PROBLEM DESCRIPTION
Pictures aside, reproduce exactly each line from the one holding "Collants semi-opaques à" through the last line of the material, both ends included.

DATA SEGMENT
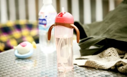 Pigeon baby imported from Japan learns to drink penguin cup for children
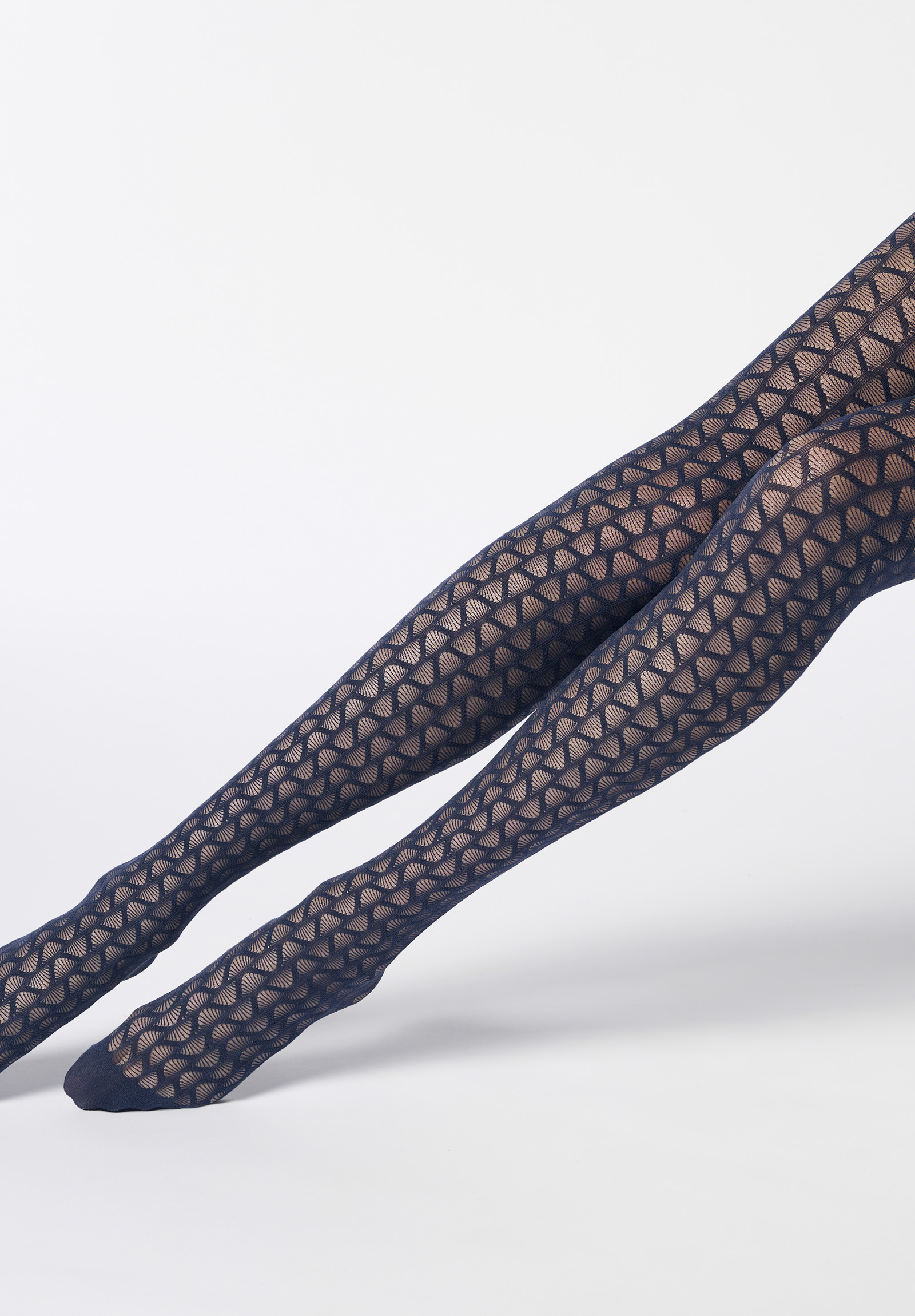 Collants semi-opaques à motif rayé et vague graphique.
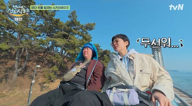 그러나 감탄은 잠시, 앞자리에 탄 이재욱이 힘차게 페달을 밟자 염정아는 "재욱아 너무 흔들지 마. 무서워"라며 두려워하는 모습을 보였다.
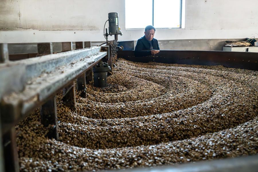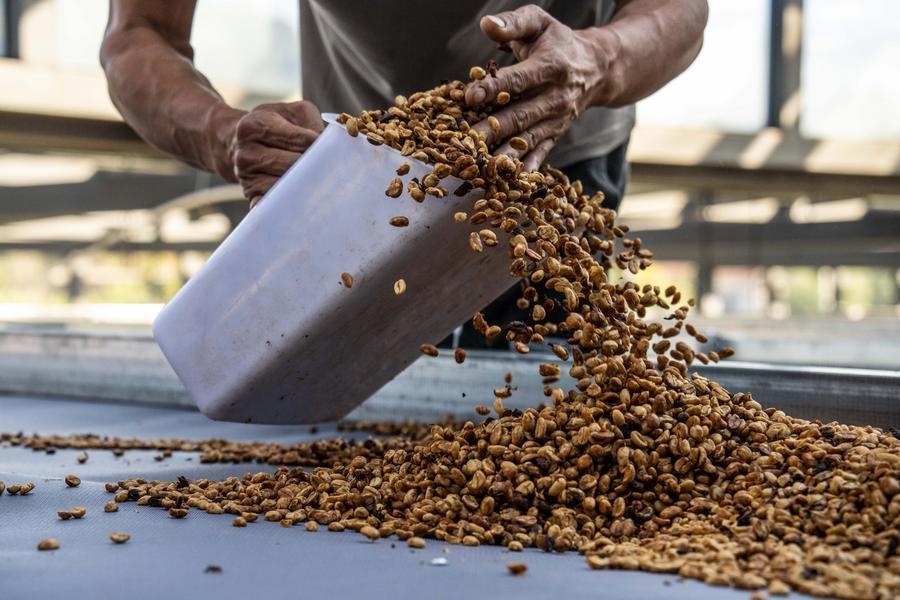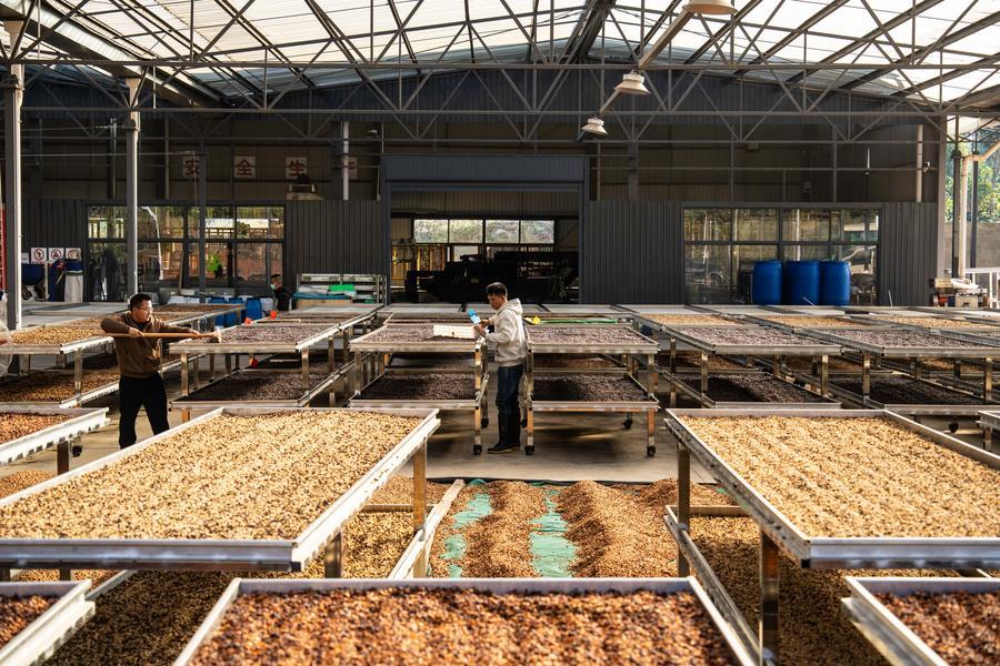 22日、臨滄市臨翔區圏內郷の雲佳コーヒー農園でコーヒー豆の処理狀況を確認する農家の人。(臨滄=新華社記者/高咏薇)

ANSWER
 Collants semi-opaques à motif rayé et vague graphique.
 그러나 감탄은 잠시, 앞자리에 탄 이재욱이 힘차게 페달을 밟자 염정아는 "재욱아 너무 흔들지 마. 무서워"라며 두려워하는 모습을 보였다.
 22日、臨滄市臨翔區圏內郷の雲佳コーヒー農園でコーヒー豆の処理狀況を確認する農家の人。(臨滄=新華社記者/高咏薇)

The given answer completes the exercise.